Readers search for meaning (but they won't find it here)

For lack of anything better to do, today we return to our look at the search terms that lead readers to this blog. The great variety in these terms shows the depth and breadth of topics presented here. It also shows that I am not the only one who has nothing better to do.

Many people show an interest in involving themselves in community action, as is evident by their searches for things like "decorating your cubicle" and "decorating your co-worker's cubicle when they're on vacation." It is heartening to see that America's office workers are concerned about more than just collecting a paycheck. How thoughtful of someone to want to enhance a co-worker's space to welcome him or her back from a restful trip, probably to some exotic place the other person has never been and will
probably never get to visit, like Tahiti. I am surprised the search terms did not also include "toilet paper."

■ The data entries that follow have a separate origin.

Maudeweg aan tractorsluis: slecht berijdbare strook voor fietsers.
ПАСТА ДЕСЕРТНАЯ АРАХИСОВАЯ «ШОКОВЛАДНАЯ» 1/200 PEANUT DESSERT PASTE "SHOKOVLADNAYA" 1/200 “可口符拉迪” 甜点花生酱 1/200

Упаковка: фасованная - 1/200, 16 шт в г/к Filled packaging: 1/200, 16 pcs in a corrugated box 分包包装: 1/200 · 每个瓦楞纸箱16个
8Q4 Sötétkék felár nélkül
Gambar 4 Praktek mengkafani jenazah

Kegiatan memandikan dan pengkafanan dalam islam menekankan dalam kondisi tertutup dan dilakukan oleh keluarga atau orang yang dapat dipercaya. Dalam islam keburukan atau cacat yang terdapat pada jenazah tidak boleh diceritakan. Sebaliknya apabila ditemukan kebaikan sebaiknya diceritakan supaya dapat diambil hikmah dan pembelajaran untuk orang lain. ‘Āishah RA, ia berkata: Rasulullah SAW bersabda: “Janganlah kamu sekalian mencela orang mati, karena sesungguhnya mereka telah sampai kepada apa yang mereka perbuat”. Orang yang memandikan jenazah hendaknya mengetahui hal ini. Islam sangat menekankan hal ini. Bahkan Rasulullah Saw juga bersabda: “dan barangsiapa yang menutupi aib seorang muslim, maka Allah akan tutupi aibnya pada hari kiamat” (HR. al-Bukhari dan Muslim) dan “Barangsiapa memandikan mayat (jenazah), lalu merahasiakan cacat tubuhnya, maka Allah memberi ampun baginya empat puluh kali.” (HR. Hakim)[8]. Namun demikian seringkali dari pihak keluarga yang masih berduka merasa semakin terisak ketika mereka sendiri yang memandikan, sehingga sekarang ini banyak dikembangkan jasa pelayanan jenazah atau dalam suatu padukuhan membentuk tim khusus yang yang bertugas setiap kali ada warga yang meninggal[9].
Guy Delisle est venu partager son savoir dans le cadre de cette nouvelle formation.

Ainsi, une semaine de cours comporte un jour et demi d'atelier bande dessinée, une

Some readers are rightfully concerned about what is in today's food products, such as the person who searched for "crustaceans in donuts." People have known for years about hot dog fillers, but the tendency for donut suppliers to fill their donuts with questionable animal parts is lesser known. If your donut is crunchy and appears to have several appendages, well, I would stick with hot dogs. Or perhaps this reader was searching for a recipe, in which case I am glad I do not know this person and therefore cannot receive an invitation to brunch.

Crustaceans in donuts are by no means the only food-related searches I see. People are fascinated with "humorous Dove bar sayings." I have personally examined countless Dove bar sayings, in my free time and without any compensation, and have yet to find any I would classify as humorous. A possible way to be amused by Dove bars is to use the wrappers to decorate your co-worker's cubicle.

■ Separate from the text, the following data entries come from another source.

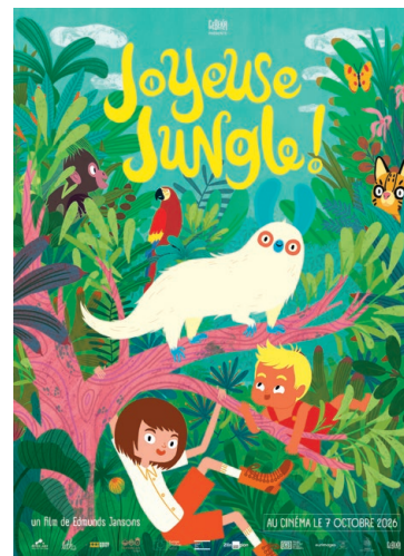
JOYEUSE JUNGLE ! À partir de 6 ans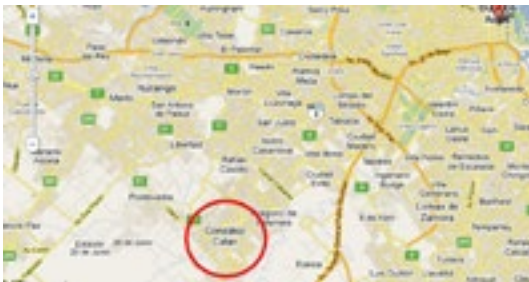
Figura 8: Ciudad de González Catán.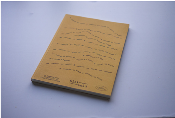
enkele beelden van onze publicatie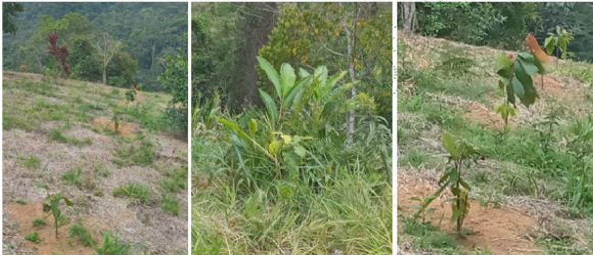
Siembra de árboles frutales y maderables en compensación en áreas con potreros para su restauración

En las siguientes fotos se muestran uno de los tocones de los árboles aprovechados, el área donde se realizó la siembra y algunas de las especies sembradas como compensación: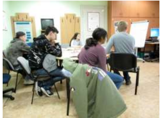
Exkurze do IPS ÚP Litoměřice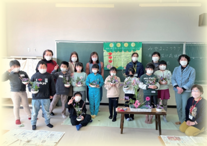
地域の方による生け花教室

○「はまっこキッズ」 会場:坂元小学校 (毎週金曜日午後2時30分～4時00分)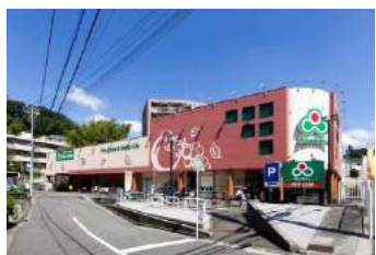
スーパーマーケット三徳高田店 約 750m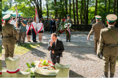
Uroczyste obchody 84. rocznicy bitwy pod Wytcznem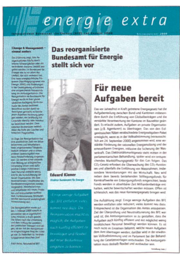
Die Spezialausgabe über die seit dem 1. Februar 2000 geltende Reorganisation des Bundesamtes für Energie ist zu beziehen bei: BFE, Sektion Information, 3003 Bern

In this exciting election time, people also come to this blog to find out where their favorite candidates stand. This can be seen in the many searches for "humorous survey results" and "humorous polls." No doubt these people are hoping to find that yes! Dave Barry is ahead in the presidential race!

Speaking of Dave Barry, whose crusade against low-flush toilets is well known, there is -- judging from recent searches -- an apparent movement to popularize "short toilets." I am heartily in support of this, having been inconvenienced on more than one occasion when visiting my parents, whose toilets all come from some company named Jack the Giant's Commodes.

And finally, some queries focus on life's great mysteries, like "what happened to the cherry chewable Benadryl tablets?" I can only offer this suggestion: Do you get tired and sluggish upon consuming a hot dog? If so, I think you may have your answer.

2 comments:

davebarry said...

Awww, you ruined the surprise! I thought you'd see the delightful humor in biting into a warm, fresh glazed donut, only to see a pair of crayfish eyes winking at you! Guess I'll extend the invitation to someone that needs a lift, like Barack Obama.

Regarding the Dove bars, are you refering to the chocolate or the soap. I can imagine that one would be much more yuk-developing than the other.

ilovecomics said...

Always chocolate, Dave, always chocolate.